In der schönen frischen Landluft, in der Stille des weiten Horizontes kam die Liebe zur Einsamkeit über sie, und sie blieb so lange auf der Spitze der kleinen Hügelchen sitzen, daß wilde Kaninchen in großen Sätzen ihr zu Füßen umher sprangen.
Manchmal lief sie auf dem Klippenrande hin, während sie der Küstenwind peitschte, überselig, so ohne müde zu werden, wie der Fisch im Wasser, oder die Schwalbe in der Luft dahin zu schießen.
Überall, an allem blieb ihre Erinnerung haften, wie man die Saat ausstreut, Erinnerungen, die feste Wurzeln schlagen bis zum Tode.

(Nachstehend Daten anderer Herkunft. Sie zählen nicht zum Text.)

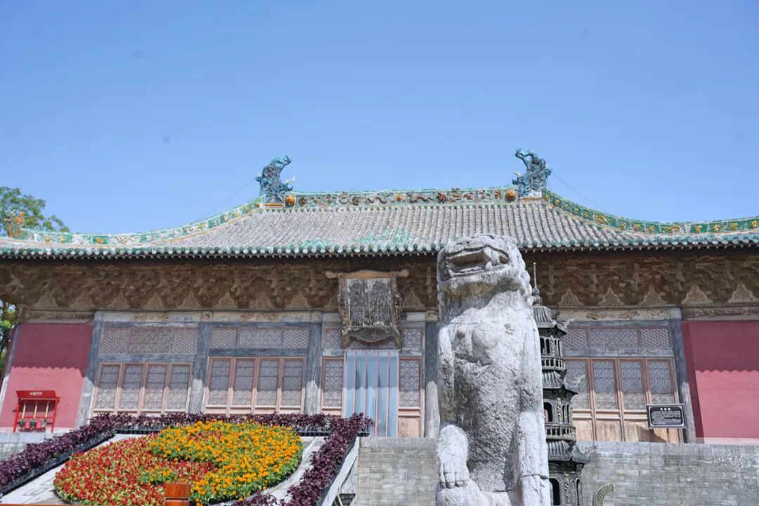 在观赏庙中我看到了康熙、乾隆、咸丰三位皇帝亲笔的匾额;在“气肃春秋”坊上我看到了精美的葫芦和凤吻琉璃构件;在正殿崇宁殿的殿前我看到了26根巨大石雕龙柱非常有气势。
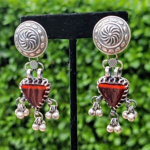 Stunning sterling red handcrafted glass long Artisan boho statement dangle drop post earrings. The earrings were photographed in different lights and settings. They are really gorgeous!!
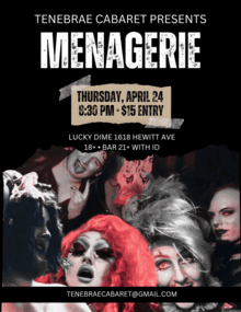 Please save the date for Thursday, April 24th, for an unforgettable evening as the Tenebrae Cabaret presents "Menagerie," a dark drag cabaret show at the Lucky Dime in downtown Everett. Join us for a night of mesmerizing performances in the heart of the city.
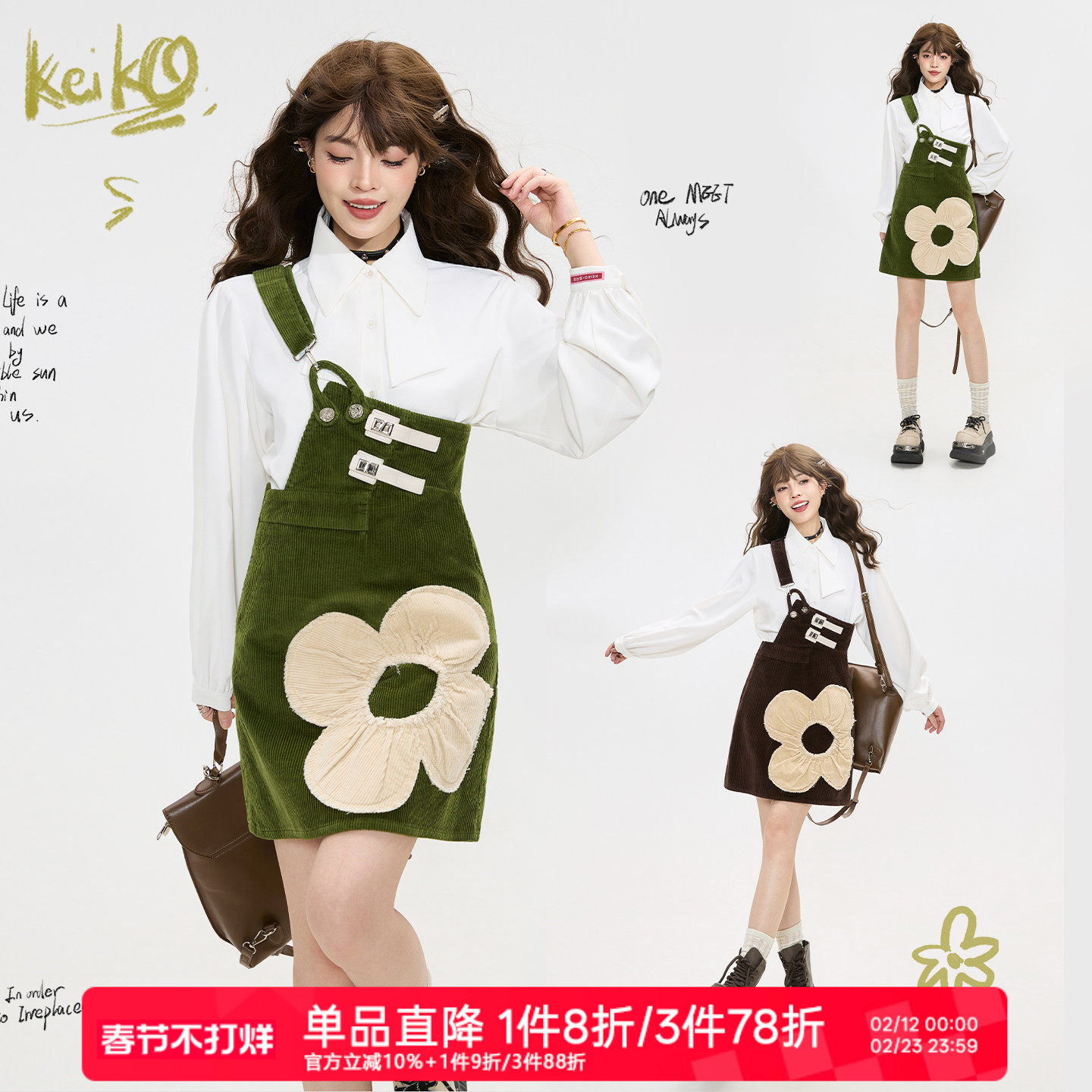 KEIKO 立体花朵饰斜肩背带连衣裙春季今年流行收腰A字半身短裙子

Es war ihr, als bliebe an jeder Bodenwelle dieser Thäler ein Stückchen ihres Herzens haften.
Sie fing an mit Leidenschaft zu baden; unabsehbar weit schwamm sie hinaus, denn sie war kräftig und verwegen und ahnte keine Gefahr in diesem klaren, blauen Wasser, das sie trug, indem es sie schaukelte. Sobald sie weit vom Strande war, warf sie sich auf den Rücken, kreuzte die Arme auf der Brust und blickte in das tiefe Blau des Himmels hinauf, durch das schnell einmal eine Schwalbe schoß oder der weiße Schatten einer Möve. Man hörte nichts mehr als ganz entfernt das Murmeln der Wellen am Strande und unbestimmte Laute vom Lande her, die über die Wogen glitten, aber fast nicht wahrzunehmen, nur ganz dumpf. Johanna richtete sich auf im plötzlichen Überschwang der Freude und kreischte und schrie laut, indem sie mit beiden Händen auf das Wasser schlug.
Manchmal, wenn sie sich zu weit hinaus gewagt, mußte ein Boot sie zurückholen.